Task details: Nothing should appear in the answer except the lines below from the line containing "что учащиеся изучили." through the line containing "ただ、北の戦乱でEYEはRO", copied exactly, with pictures left out.

Exercise material:
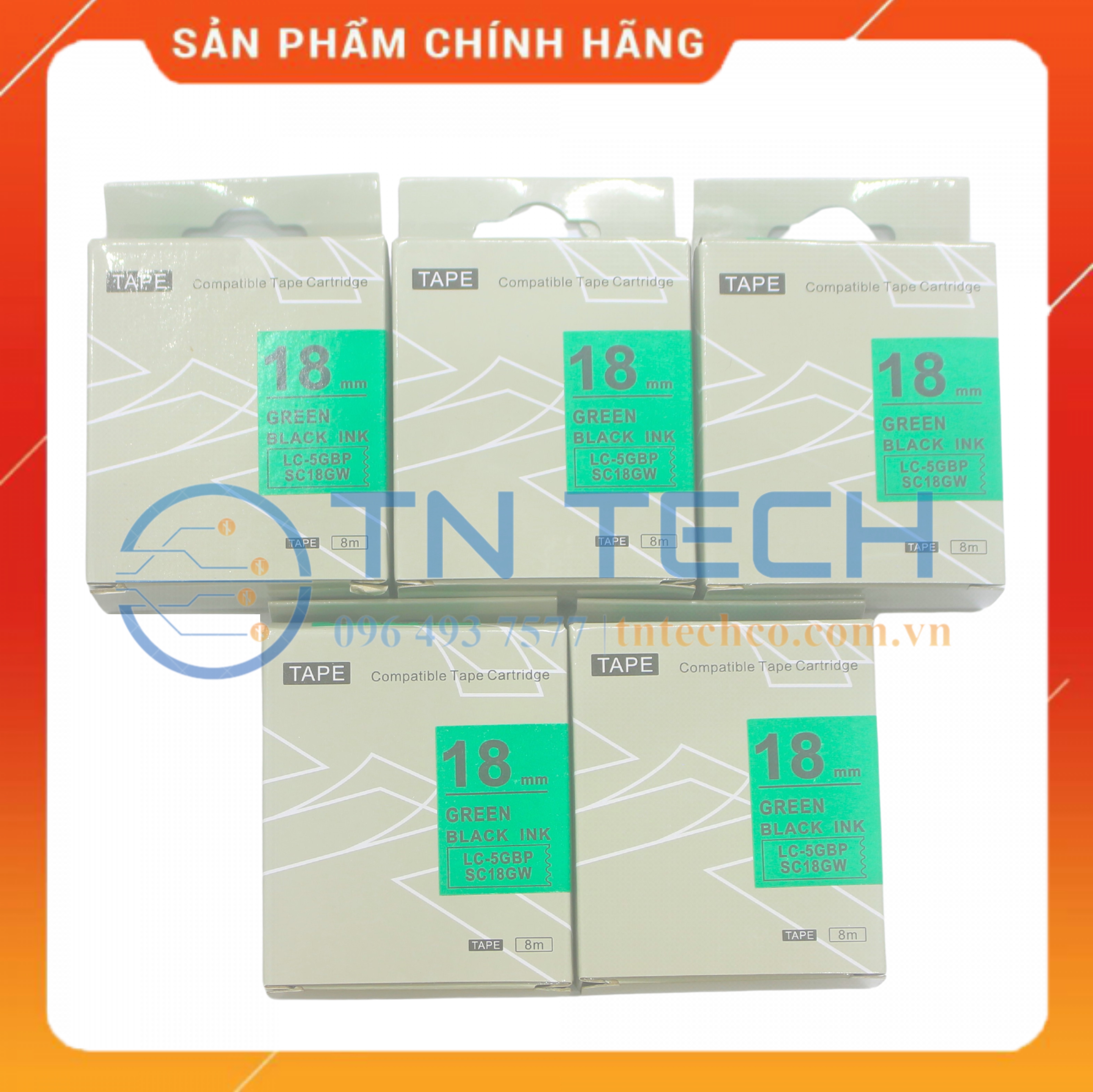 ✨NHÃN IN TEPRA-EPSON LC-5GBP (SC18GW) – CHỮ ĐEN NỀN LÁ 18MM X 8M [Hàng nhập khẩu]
--
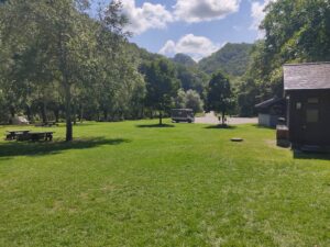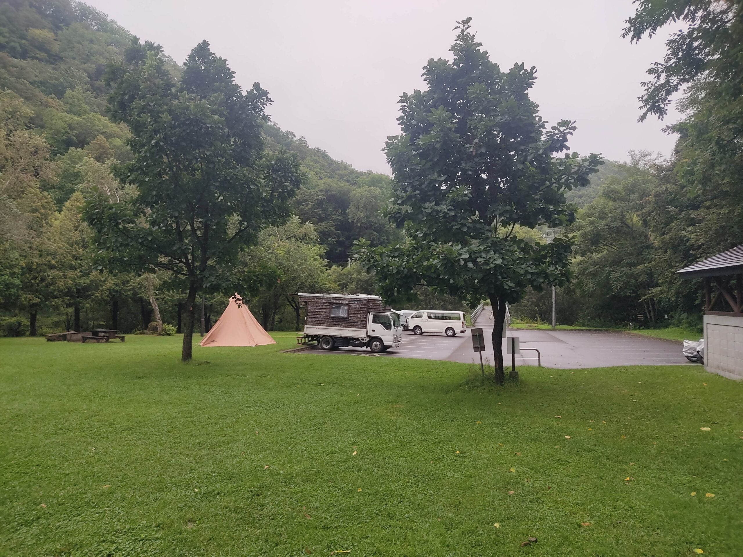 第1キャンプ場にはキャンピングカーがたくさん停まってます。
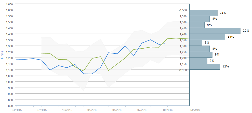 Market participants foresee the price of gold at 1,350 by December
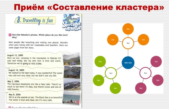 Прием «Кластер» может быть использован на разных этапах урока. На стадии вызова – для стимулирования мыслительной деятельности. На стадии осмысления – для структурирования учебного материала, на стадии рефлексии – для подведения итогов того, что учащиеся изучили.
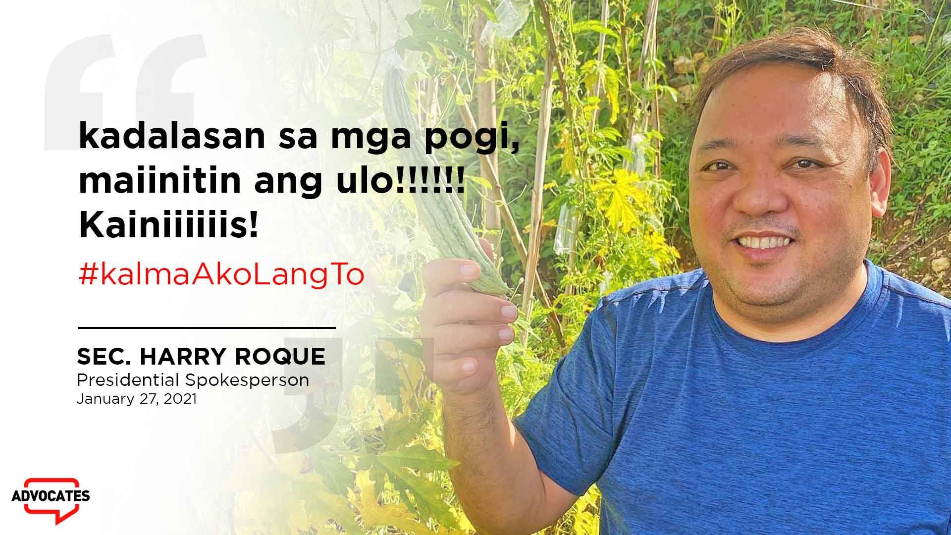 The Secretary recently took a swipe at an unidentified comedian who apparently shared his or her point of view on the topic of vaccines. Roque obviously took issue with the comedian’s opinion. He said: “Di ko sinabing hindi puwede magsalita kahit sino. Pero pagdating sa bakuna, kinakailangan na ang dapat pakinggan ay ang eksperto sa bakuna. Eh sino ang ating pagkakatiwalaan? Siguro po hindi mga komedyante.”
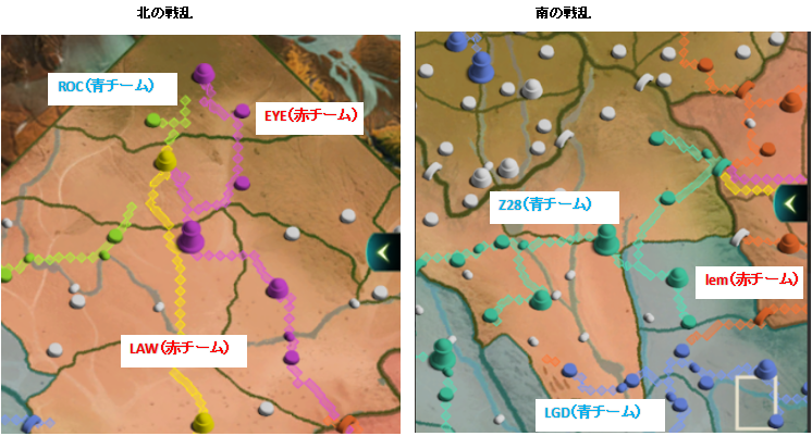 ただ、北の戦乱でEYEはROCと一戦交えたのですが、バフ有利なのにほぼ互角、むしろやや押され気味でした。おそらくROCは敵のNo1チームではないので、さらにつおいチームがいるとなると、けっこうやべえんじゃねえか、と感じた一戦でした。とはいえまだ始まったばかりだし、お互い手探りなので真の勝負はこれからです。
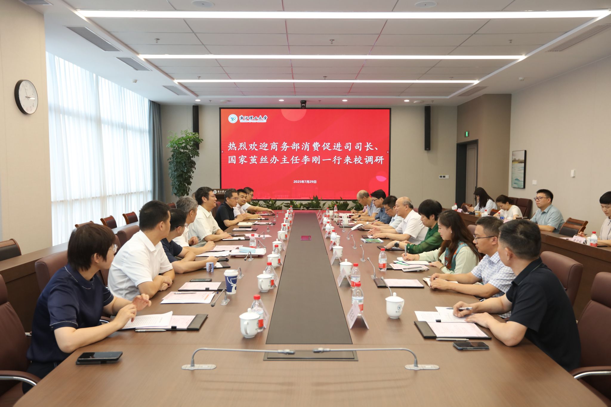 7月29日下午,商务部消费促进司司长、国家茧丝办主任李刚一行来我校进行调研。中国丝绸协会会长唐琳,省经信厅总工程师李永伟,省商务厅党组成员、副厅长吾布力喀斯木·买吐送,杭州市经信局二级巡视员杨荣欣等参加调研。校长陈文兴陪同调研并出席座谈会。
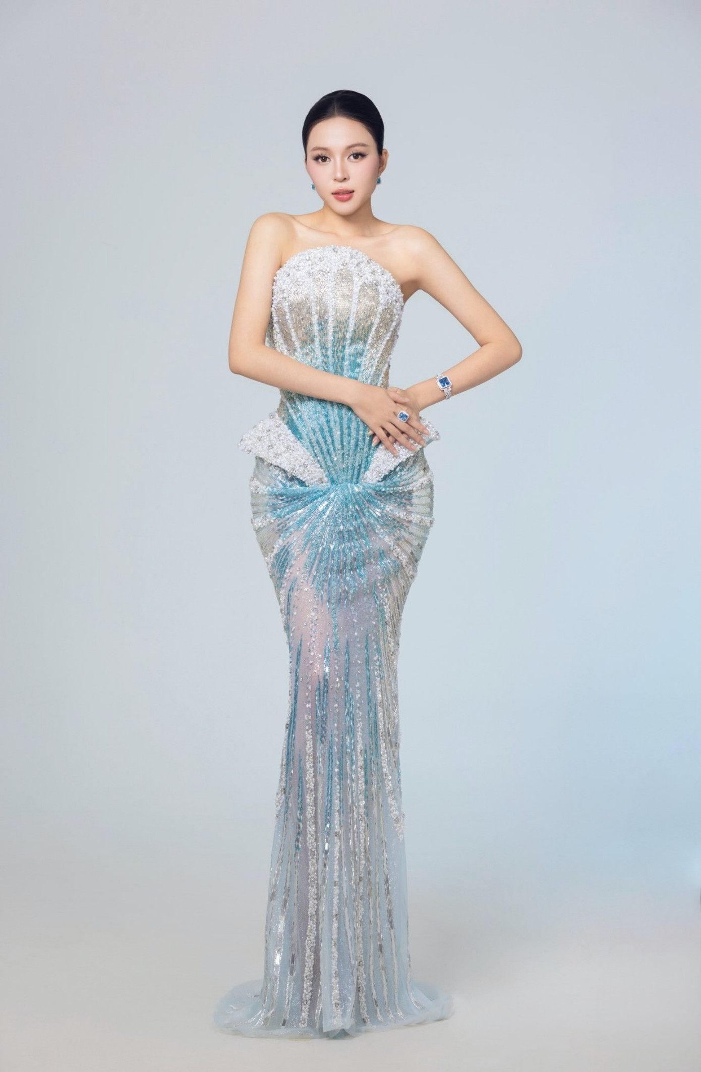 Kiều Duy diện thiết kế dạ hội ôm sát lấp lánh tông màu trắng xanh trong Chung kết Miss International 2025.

Exercise answer:
 Прием «Кластер» может быть использован на разных этапах урока. На стадии вызова – для стимулирования мыслительной деятельности. На стадии осмысления – для структурирования учебного материала, на стадии рефлексии – для подведения итогов того, что учащиеся изучили.
 The Secretary recently took a swipe at an unidentified comedian who apparently shared his or her point of view on the topic of vaccines. Roque obviously took issue with the comedian’s opinion. He said: “Di ko sinabing hindi puwede magsalita kahit sino. Pero pagdating sa bakuna, kinakailangan na ang dapat pakinggan ay ang eksperto sa bakuna. Eh sino ang ating pagkakatiwalaan? Siguro po hindi mga komedyante.”
 ただ、北の戦乱でEYEはROCと一戦交えたのですが、バフ有利なのにほぼ互角、むしろやや押され気味でした。おそらくROCは敵のNo1チームではないので、さらにつおいチームがいるとなると、けっこうやべえんじゃねえか、と感じた一戦でした。とはいえまだ始まったばかりだし、お互い手探りなので真の勝負はこれからです。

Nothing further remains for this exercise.